Many, myself included, have high hopes that appropriate
use of artificial intelligence (AI) might be able to help with this problem. Two new studies offer some considerations for
what it might take.
The first study, from a
team of researchers led by Damon Centola,
a professor at the Annenberg School for Communication at the University of
Pennsylvania, looked at the impact of “structured information–sharing networks
among clinicians.” In other words,
getting feedback from colleagues (which, of course, was once the premise behind
group practices).
Long story short, they work, reducing diagnostic errors
and improving treatment recommendations.
Study co-author Elaine Khoong of UCSF says,
“We are increasingly recognizing that clinical decision-making should be viewed
as a team effort that includes multiple clinicians and the patient as well.” The researchers made sure that the structured
network included clinicians of various ages, specialties, expertise, and
geographical locations, trying to ensure that it was not simply a top-down, hierarchical
network.
Professor Centola believes: “egalitarian online networks increase the diversity of voices influencing clinical decisions. As a result, we found that decision-making improves across the board for a wide variety of specialties.” Best of all, he notes:
The big risk with these information-sharing networks is that while some doctors may improve, there could be an averaging effect that would lead better doctors to make worse decisions. But, that’s not what happens. Instead of regressing to the mean, there is consistent improvement: The worst clinicians get better, while the best do not get worse.
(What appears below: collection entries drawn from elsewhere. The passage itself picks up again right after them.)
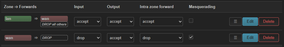 Далее идем сеть (network) — межсетевой экран (firewall) и в зонах ставим принять принять принять у зоны lan
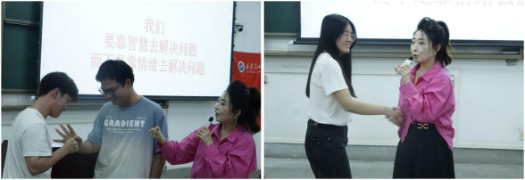 在讲座中,张烨还通过“手指变长”等互动游戏,让学生干部们亲身体验“动作创造情绪”的心理学原理。本次讲座不仅为学生干部系统传授了管理实务技巧,助力其提升情绪管理能力,进一步培养学生干部的责任感、使命感,提升了学生干部服务学生工作的能力。
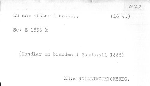 //// Du som sitter i ro*.... (16 v.) //// Se: E Iggg k //// (Handlar om branden i Sundsvall lggg) //// K3:s SKILLINGTRYCKSREG. ////
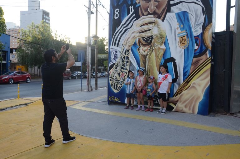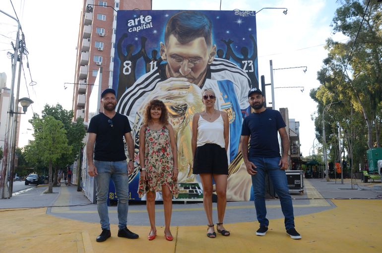 La obra fue realizada por el artista Sider, y se trata de una imagen mundialista, en la que se encuentra Lionel Messi besando la copa y otros de los jugadores importantes de la selección Argentina de fútbol detrás.
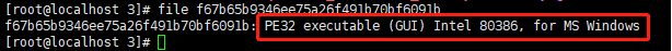 1)首先利用linux file命令查看文件类型,发现该恶意软件是windows平台下可执行文件,如下图所示
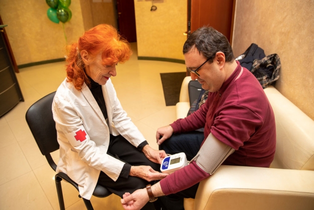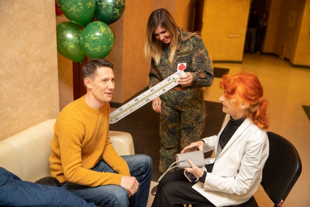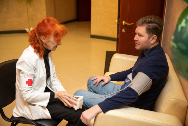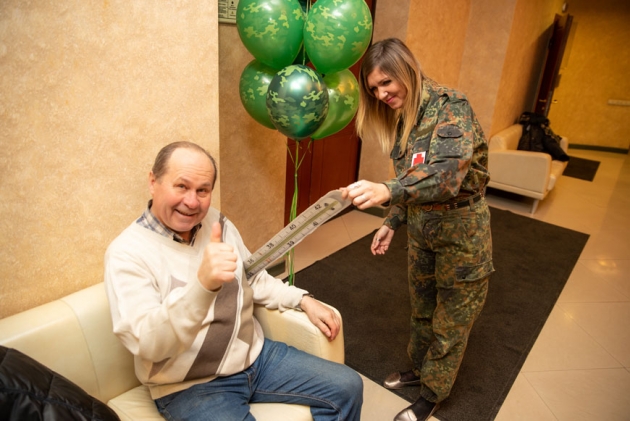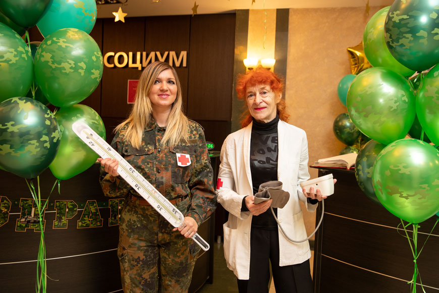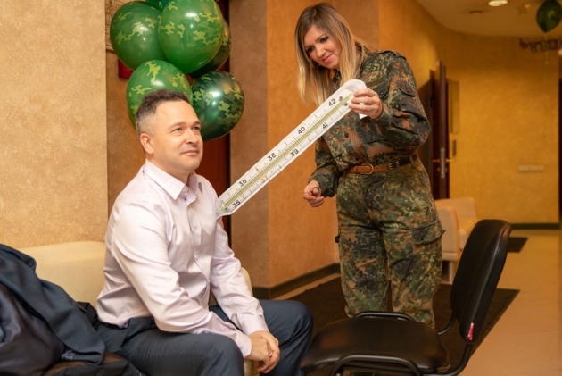 Всех пришедших на работу мужчин встречали «врач» и «медсестра» – сотрудницы «СОЦИУМ-СООРУЖЕНИЯ» Валентина Коменданская и Анастасия Ивенкова. Орудуя тонометром и градусником, они выясняли состояние здоровья будущих защитников и по итогам шуточного осмотра прописывали всем явиться к 13 часам на ресепшн.
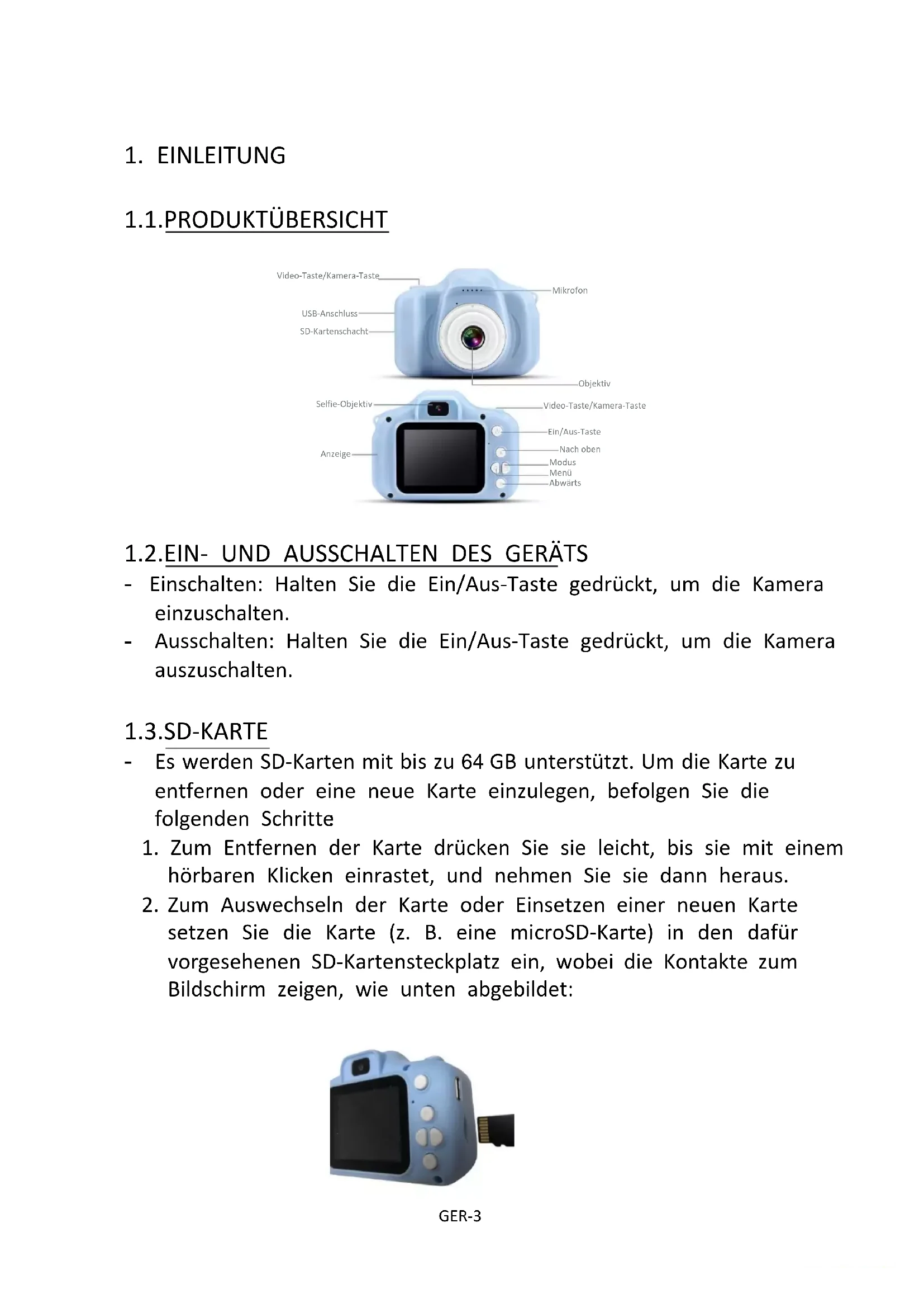 setzen Sie die Karte (z. B. eine microSD-Karte) in den dafür vorgesehenen SD-Kartensteckplatz ein, wobei die Kontakte zum Bildschirm zeigen, wie unten abgebildet: Video-Taste/Kamera-Taste USB-Anschluss SD-Kartenschacht Selfie-Objektiv Anzeige Mikrofon Objektiv Video-Taste/Kamera-Taste Ein/Aus-Taste Nach oben Modus Menü AbwärtsGER-4 Hinweis: - Vergewissern Sie sich vor dem Einsetzen oder Austauschen einer microSD-Karte, dass das Gerät ausgeschaltet ist. - Achten Sie beim Einsetzen der microSD-Karte auf die richtige Ausrichtung der Karte.
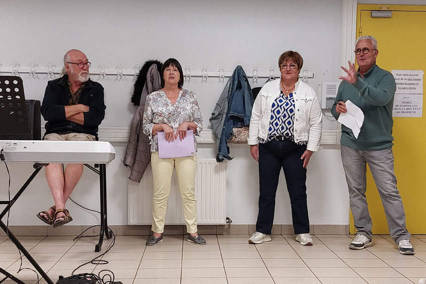 Reprise dans la bonne humeur : Mireille passe le flambeau avec une nouvelle co présidence assurée par Florence et Alain.
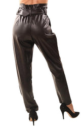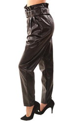 Do And Be Pants Faux Leather High Waisted Belted Cropped Ankle Dressy Black Pant
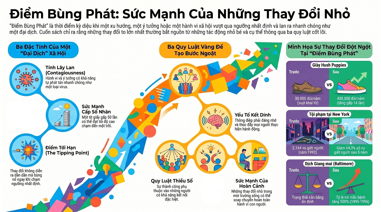 “Điểm Bùng Phát” (The Tipping Point) trình bày một quan điểm mang tính cách mạng về cách các ý tưởng, sản phẩm, thông điệp và hành vi lan truyền trong xã hội. Thay vì diễn tiến theo một đường thẳng ổn định và dự đoán được, các hiện tượng xã hội vận động tương tự như một đại dịch: chúng có thể bùng phát mạnh mẽ từ những yếu tố nhỏ bé và vụn vặt nhất.
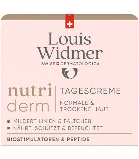 Anwendungsgebiet von Louis Widmer nutriderm Tagescreme Louis Widmer nutriderm Tagescreme ist eine nährende, straffende Tagescreme mit Hyaluronsäure für ein gepflegtes Hautbild.Wirkungsweise von Louis Widmer nutriderm Tagescreme 1. Die Tagescreme pflegt und schützt die trockene Haut2. Spendet intensive Feuchtigkeit, bietet einen Langzeitschutz gegen vorzeitige Hautalterung und schützt vor negativen Umwelteinflüssen3. Der Biostimulatoren-Komplex und Hyaluronsäure erhöhen das Wasserbindevermögen der Haut4. Matrixyl® 3000 reduziert Linien und Fältchen durch Stimulation der Collagensynthese und spendet Feuchtigkeit5. Shea Butter wirkt rückfettend, hautglättend und schützt die Haut vor schädlichen Umwelteinflüssen6. Creatin, ein körpereigener Bestandteil (Aminosäurederivat), fördert die Hauterneuerung7. Panthenol beruhigt irritierte Haut8. Vitamin E schützt vor freien Radikalen und stimuliert den hauteigenen Repair-MechanismusWirkstoffe / Inhaltsstoffe / ZutatenLouis Widmer nutriderm Tagescreme enthält:
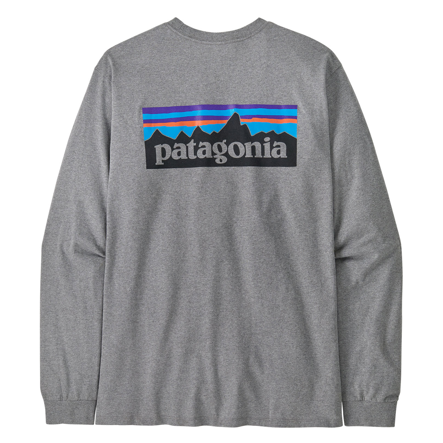 Patagonia M's LS P-6 Logo Responsibili-Tee, bei der Herstellung dieses 100% recycelten Langarm-T-Shirts wird 96% weniger Wasser verbraucht und 45% weniger CO2 erzeugt als bei einem herkömmlichen Baumwoll-T-Shirt.
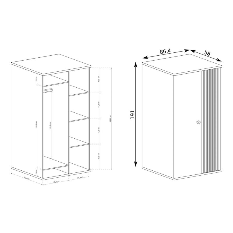 Duża i pojemna szafa z półkami oraz drążkiem na ubrania to praktyczny i stylowy mebel, który doskonale sprawdzi się w sypialni lub salonie. Dzięki funkcjonalnemu wnętrzu pomieści zarówno odzież wiszącą, jak i złożone ubrania czy dodatki.
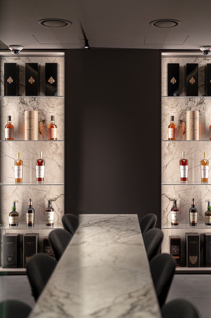 Construction Finished, 2023 위치 : 서울시 강남구 청담동 용도 : 일반음식점 면적 : 115㎡ (35py) 팀원 : 최빈, 최한중 사진 : 제리그래퍼 동영상 : https://youtu.be/b1RkUvvYCN8?si=KkjtGWQTwX5KUJQz 사람과 사람, 사람과 사물 사이에는 보이지 않는 교감들이 존재한다. 청담 여백은 계절에 따른 음식뿐만 아니라 사람들 사이의 다양한 문화와 이야기, 작품들을 담을 수 있는 공간으로, 여백의 공간이 채워지며 서로 연결되고자 하는 바람이 담겨 있다. 먼저, 입구에 들어서면 카운터석이 바로 보이지 않도록 떠있는 갤러리 벽을 거치도록 했다. 벽을 경계로 바깥쪽 그레이톤의 갤러리 복도와 대비되도록 안쪽에는 밝은 홀을 두어 셰프가 요리하는 모습과 음식을 무대 위 공연과 작품처럼 느껴지도록 연출했다. 셰프와 작품이 부각될 수 있도록 아트월을 비우고 화로의 전면이 고객쪽을 바라보도록 위치시켰다. 또한 주방으로 이어지는 동선은 자연스럽게 아트월 뒤로 숨겨서 여백의 컨셉을 이어 나갔다. 가벽 뒤로 숨겨진 프라이빗룸은 예약 고객만 경험할 수 있는 아지트공간으로 히든도어를 사용하여 더욱 내밀한 느낌을 주었다. 어두운 바탕에 대리석상판과 장식장을 조명으로 강조하고, 좁고 나지막한 공간에 거울기둥을 두어 확장과 착시효과를 적극 활용하였다.
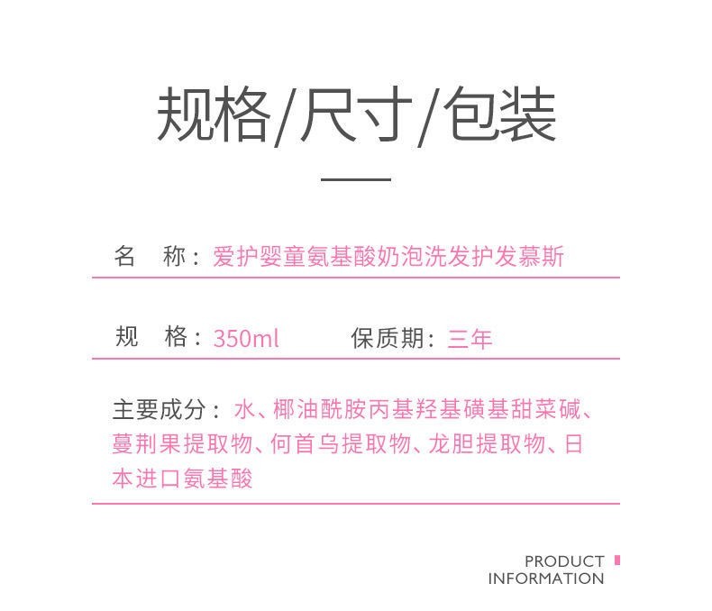 爱护婴童氨基酸奶泡洗发护发慕斯350ml
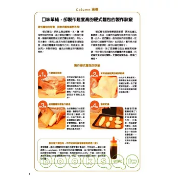 麵包,與料理不同,在實際製作的過程中,會衍生出很多意想不到的問題來。如果是完全沒有製作過的東西,由於缺乏經驗,自然就很難自行做任何的判斷。然而,製作麵包時,卻又得仰賴隨時留意麵糰等的狀態,來做出適當的判斷,才能夠做得好吃。因此,在策劃本書的初期,筆者特別確認過書中除了列出所需時間或溫度的數據之外,還能夠刊載許多圖片來補足數字所難以完整地傳達出的細節部分。所以,本書中除了時間、溫度之外,還收錄了大量的圖片,讓讀者能夠更清楚地分辨製作過程中的各種不同狀態。

The researchers think this approach could be easily adopted,
building on existing e-consult technologies: “We anticipate, for instance, that
instead of sending clinical cases to a single specialist, clinicians may instead
submit cases to a network of specialists who participate in a structured
information exchange process before providing a recommendation to the referring
clinician.” Professor Centola points out that,
while the networks need to be structured thoughtfully, they don’t have to be
huge; in fact, 40 is ideal. “The
increasing returns above that - going, say, from 40 to 4,000 - are minimal,” he
says.
It's worth pointing out that the anonymous clinicians
in the structured networks were, in this case, human; an interesting follow-up
would be to see what happens when some or even all of the recommendations come
from AI.
Which leads to the second
study, from a team of researchers from MIT and Harvard, which looked at
what happens when radiologists get assistance from AI. Long story short: not much.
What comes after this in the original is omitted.